- _YOUR GOAL_: Within the records below is a range that opens at the line with "El pasado 17" and closes at the line with "Вчерашняя динамика восстановления". Return that range word for word, both ends included, and only that range.

- _EXTRACTED DATA_:
BEGIN

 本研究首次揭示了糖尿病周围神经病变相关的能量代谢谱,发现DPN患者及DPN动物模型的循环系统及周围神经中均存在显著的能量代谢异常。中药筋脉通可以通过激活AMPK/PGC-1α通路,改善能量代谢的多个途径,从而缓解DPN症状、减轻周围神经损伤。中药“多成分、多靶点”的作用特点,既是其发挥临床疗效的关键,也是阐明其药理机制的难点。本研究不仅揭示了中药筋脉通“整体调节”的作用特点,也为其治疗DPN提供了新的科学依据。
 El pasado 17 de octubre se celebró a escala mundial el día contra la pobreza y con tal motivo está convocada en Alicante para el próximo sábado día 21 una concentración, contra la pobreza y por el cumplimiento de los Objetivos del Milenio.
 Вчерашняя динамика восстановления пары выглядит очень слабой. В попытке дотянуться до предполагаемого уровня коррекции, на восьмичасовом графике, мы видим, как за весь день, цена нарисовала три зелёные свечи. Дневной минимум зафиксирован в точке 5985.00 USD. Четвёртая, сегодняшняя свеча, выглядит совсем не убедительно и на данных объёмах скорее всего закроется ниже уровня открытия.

END
BEGIN

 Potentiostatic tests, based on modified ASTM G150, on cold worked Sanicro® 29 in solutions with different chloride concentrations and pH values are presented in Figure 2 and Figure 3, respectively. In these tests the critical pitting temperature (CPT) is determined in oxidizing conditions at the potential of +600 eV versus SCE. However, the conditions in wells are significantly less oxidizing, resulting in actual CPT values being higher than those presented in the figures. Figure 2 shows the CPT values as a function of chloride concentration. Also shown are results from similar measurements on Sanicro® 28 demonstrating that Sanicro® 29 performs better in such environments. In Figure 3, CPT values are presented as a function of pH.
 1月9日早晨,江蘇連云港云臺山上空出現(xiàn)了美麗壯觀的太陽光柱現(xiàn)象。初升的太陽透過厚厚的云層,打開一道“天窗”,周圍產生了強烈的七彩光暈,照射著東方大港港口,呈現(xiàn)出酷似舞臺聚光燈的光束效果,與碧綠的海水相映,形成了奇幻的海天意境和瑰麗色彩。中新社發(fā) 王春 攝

END

- _YOUR RESPONSE_:
 El pasado 17 de octubre se celebró a escala mundial el día contra la pobreza y con tal motivo está convocada en Alicante para el próximo sábado día 21 una concentración, contra la pobreza y por el cumplimiento de los Objetivos del Milenio.
 Вчерашняя динамика восстановления пары выглядит очень слабой. В попытке дотянуться до предполагаемого уровня коррекции, на восьмичасовом графике, мы видим, как за весь день, цена нарисовала три зелёные свечи. Дневной минимум зафиксирован в точке 5985.00 USD. Четвёртая, сегодняшняя свеча, выглядит совсем не убедительно и на данных объёмах скорее всего закроется ниже уровня открытия.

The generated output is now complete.